• _Data supplied_
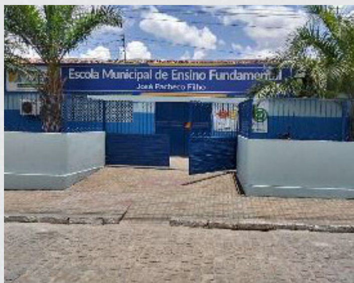
Figura 2 - E.M.E.F. José Pacheco Filho.
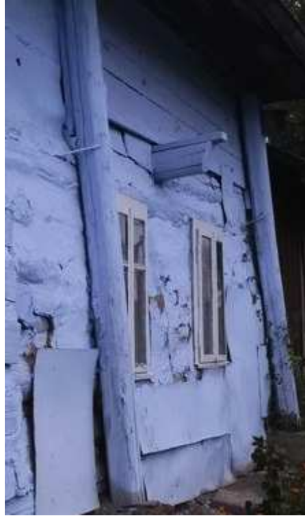
Fot. nr 291. Oryginalne (z lewej) okno.
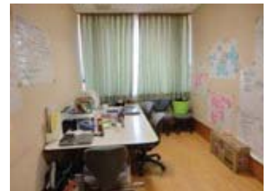
写真（上）相談窓口正面 （下）事務室内
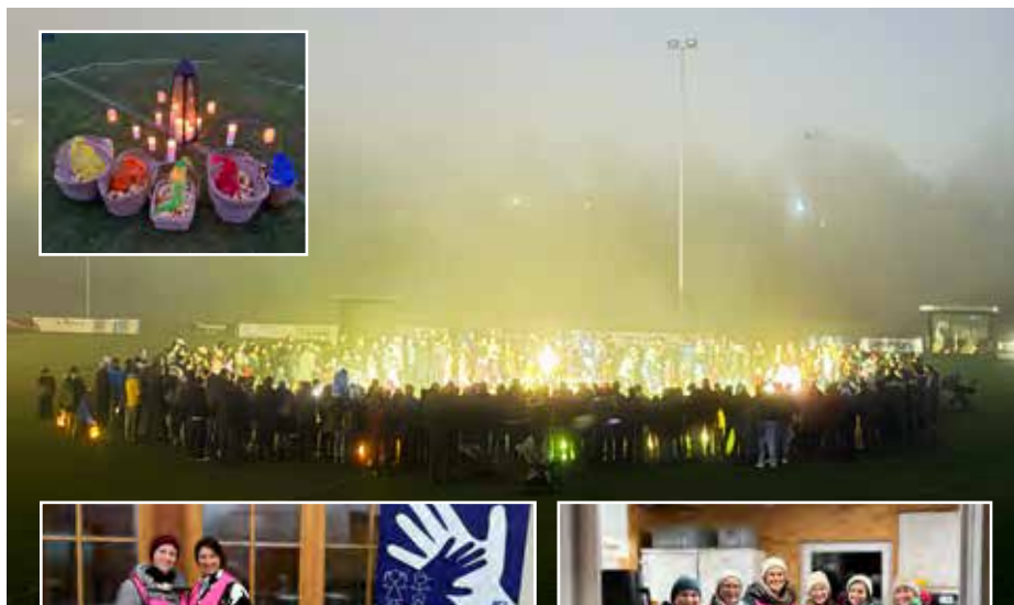
Der Elternverein unterstützte das Martinsfest der Krabbelstuben- und Kindergartenkinder.

Wenn die Blätter fallen und die Tage kürzer werden, dann heißt das beim Elternverein: Es gibt viel zu tun! Wie jedes Jahr starteten wir das Vereinsjahr 2025/26 mit kleinen Willkommensgeschenken für alle Kinder in Kindergarten, Volksschule und Mittelschule – eine liebevolle Geste, um das neue Schuljahr einzuläuten.
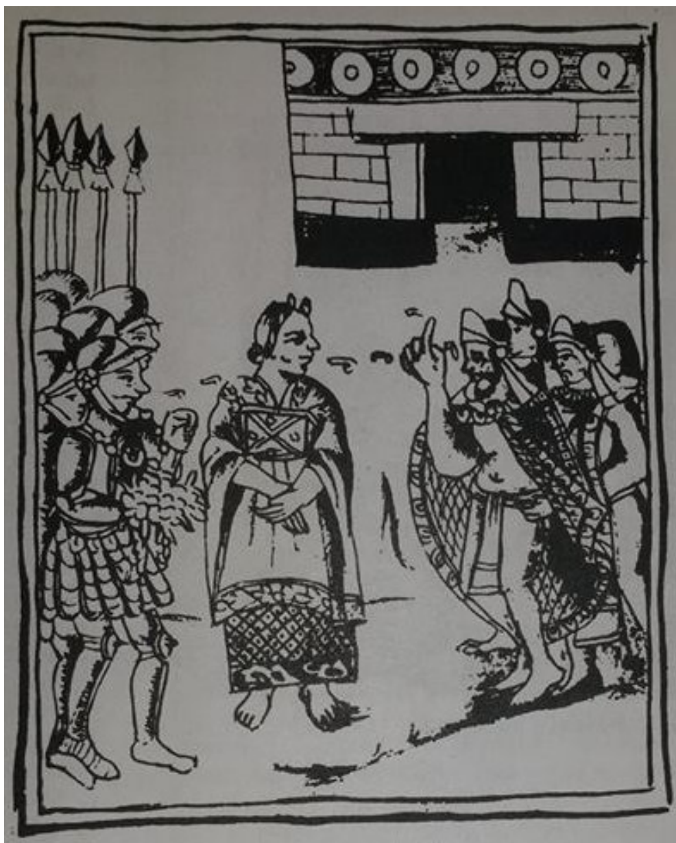
Obrázek č. 1: Malinche mezi Cortésem a Indiány
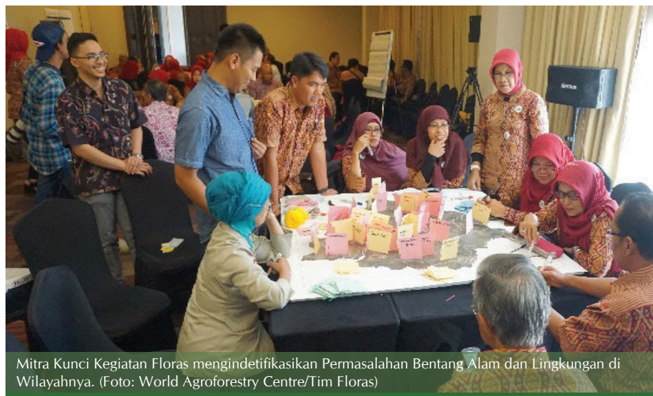
Mitra Kunci Kegiatan Floras mengidentifikasi Permasalahan Bentang Alam dan Lingkungan di Wilayahnya.

Langkah awal kegiatan FLORAS dilakukan dengan menyamakan persepsi, serta menentukan tujuan restorasi melalui diskusi kelompok.
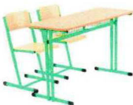
2. Typ Teri
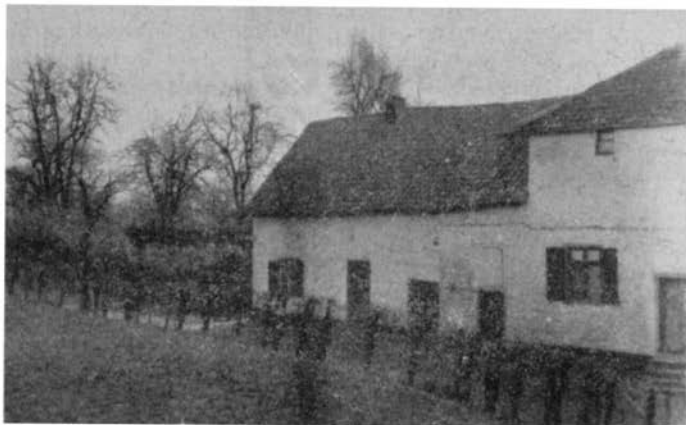
Het aan de Coriovallumstraat gelegen gedeelte van het huis Het Kruis, waar de steen met inschrift is gevonden.

Aan dit uithangteken heeft de Kruisstraat haar naam te danken. Einde van de vorige eeuw werd deze straat vanaf het kruispunt aan de Geleenstraat en de Geerstraat tot Oppen Linge (Op de Linde), nog aangeduid met de naam „Igge Kruts”. Dit is echter niet de oorspronkelijke naam van deze straat. In de volksmond was tot einde van de vorige eeuw steeds sprake van OPPEN WEËSJEL (OP DE WEEGSCHIED of WEEGSCHIED), waarmede niet alleen de Kruisstraat doch ook de buurt van het kruispunt van de beide grote romeinse wegen Aken—Tuddern en Tongeren—Keulen, die elkaar aan de WEEGSCHIED kruisten, werd bedoeld*).
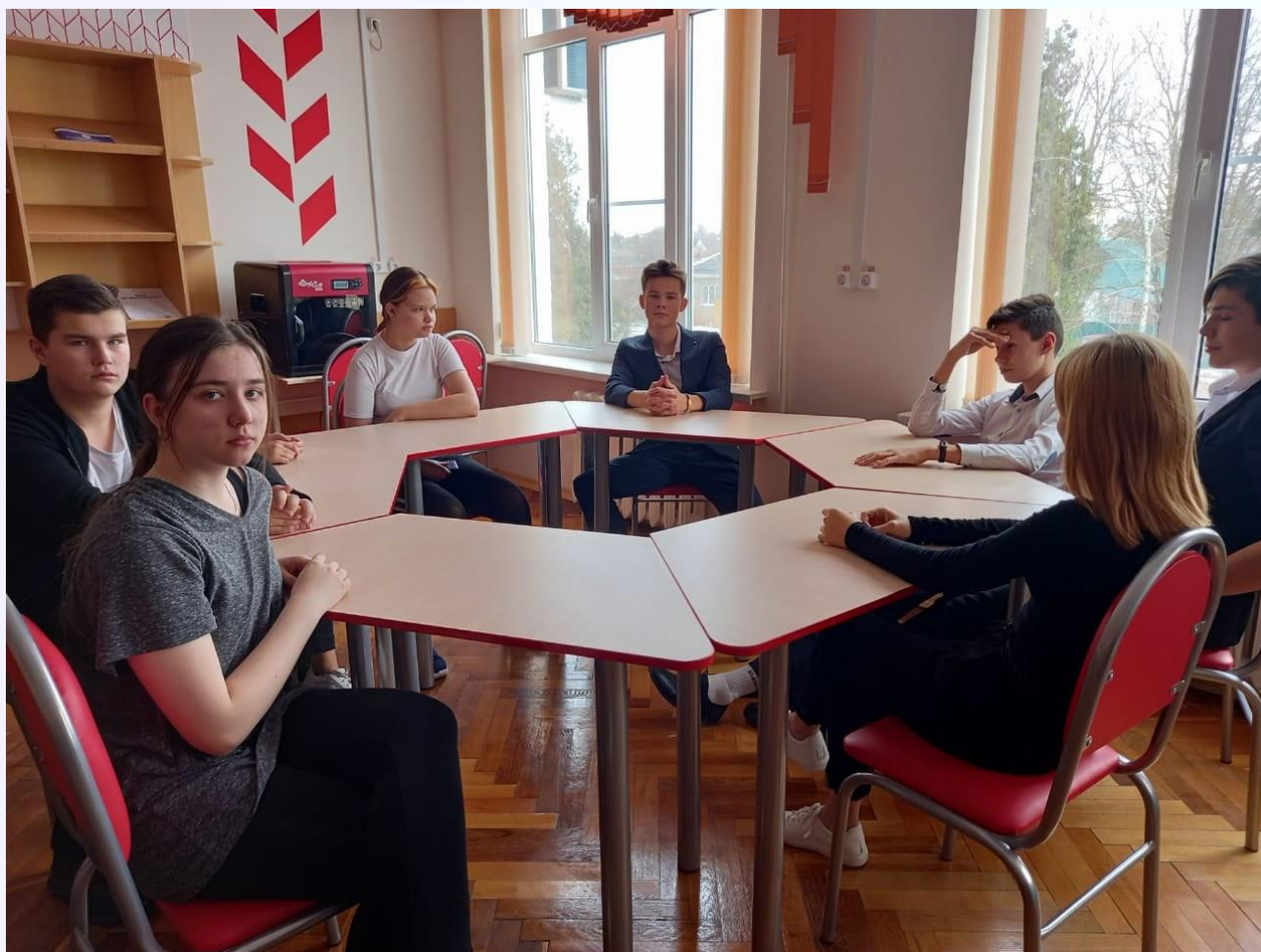
«МОЗГОВОЙ ШТУРМ ЗА КРУГЛЫМ СТОЛОМ»
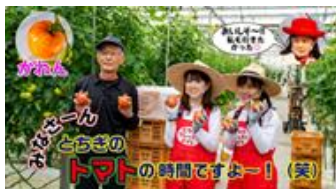
# 15 みなさん「とちぎのトマトの時間ですよ〜！」
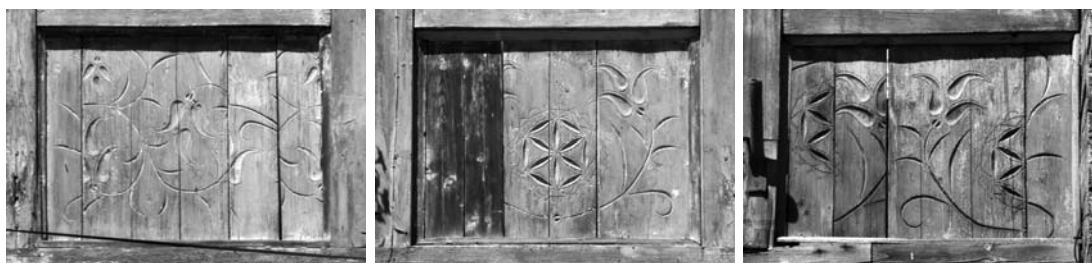
Il. 13, 14, 15, 16. Worochta, pensjonat Lena, płyciny balustrady galerii pierwszego piętra w elewacji frontowej, 2012 r., fot.: J. Czubiński
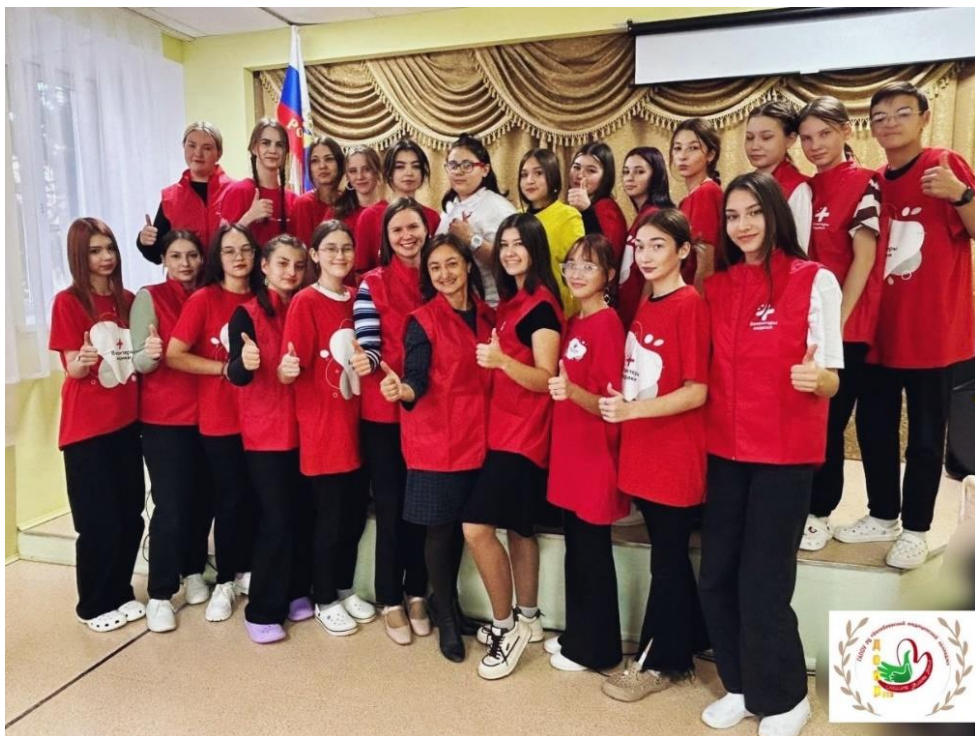
Новый состав волонтерского центра на 2023-2024 учебный год
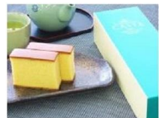
カステ21(株式会社銀装)
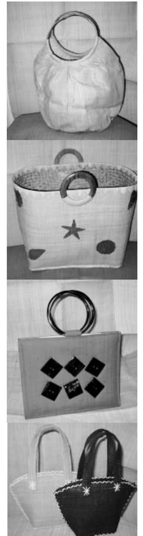
Noen av Sidonies produkter som er laget av det økologiske materialet rafia.

Nå håper jeg at ting vil fortsette å utvikle seg positivt fremover og jeg kommer til holde på med dette lenge.... for enhver dame bør jo fornye veske beholdningene sine hvert år!!
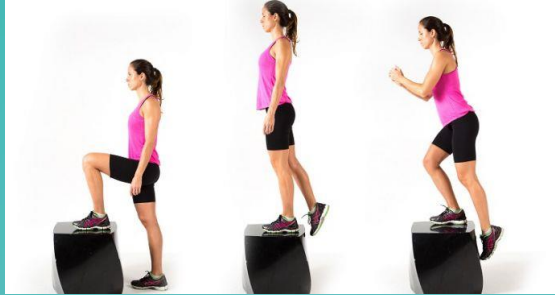
SOBE E DESCE NO BANCO
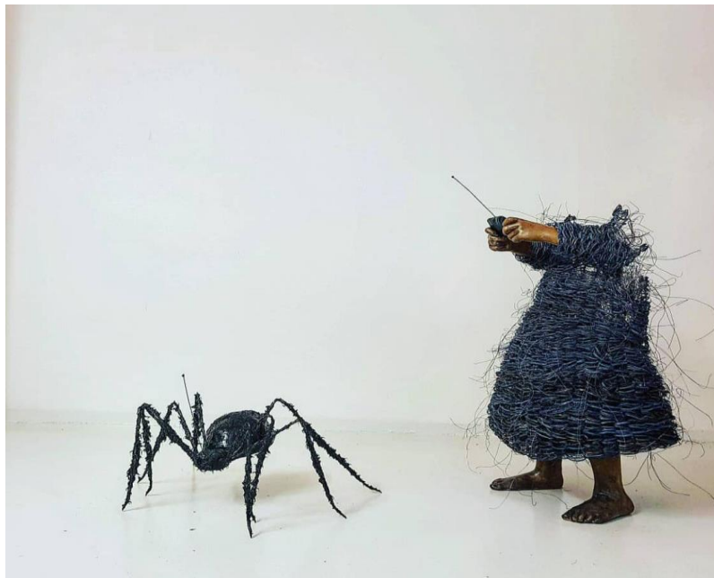
Figura 22: Obra de Lene Kilde
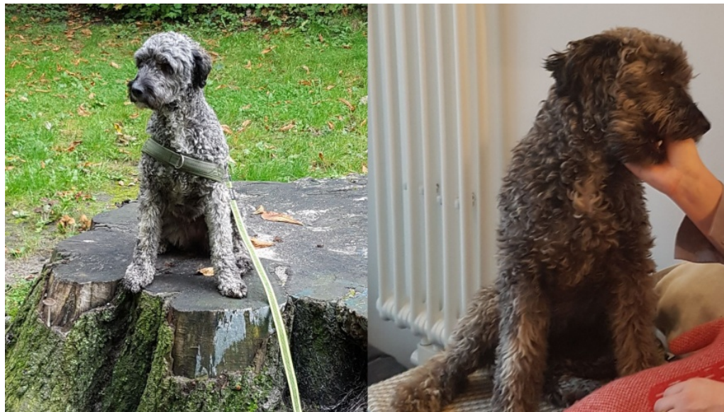
Wer hat Hündin Lani gesehen, gefunden oder in Obhut genommen?

Die Hündin fühlt sich sofort gejagt, flüchtet und dabei ist die Gefahr von Straßenverkehr am gefährlichsten – für alle Beteiligten. Bei Sichtung bitte einfach schnellstmöglich melden, damit eine Sicherung eingeleitet werden kann.

• _What the task asks_
Each line above that contains the string "Hündin" should be copied.

• _Result_
Wer hat Hündin Lani gesehen, gefunden oder in Obhut genommen?
Die Hündin fühlt sich sofort gejagt, flüchtet und dabei ist die Gefahr von Straßenverkehr am gefährlichsten – für alle Beteiligten. Bei Sichtung bitte einfach schnellstmöglich melden, damit eine Sicherung eingeleitet werden kann.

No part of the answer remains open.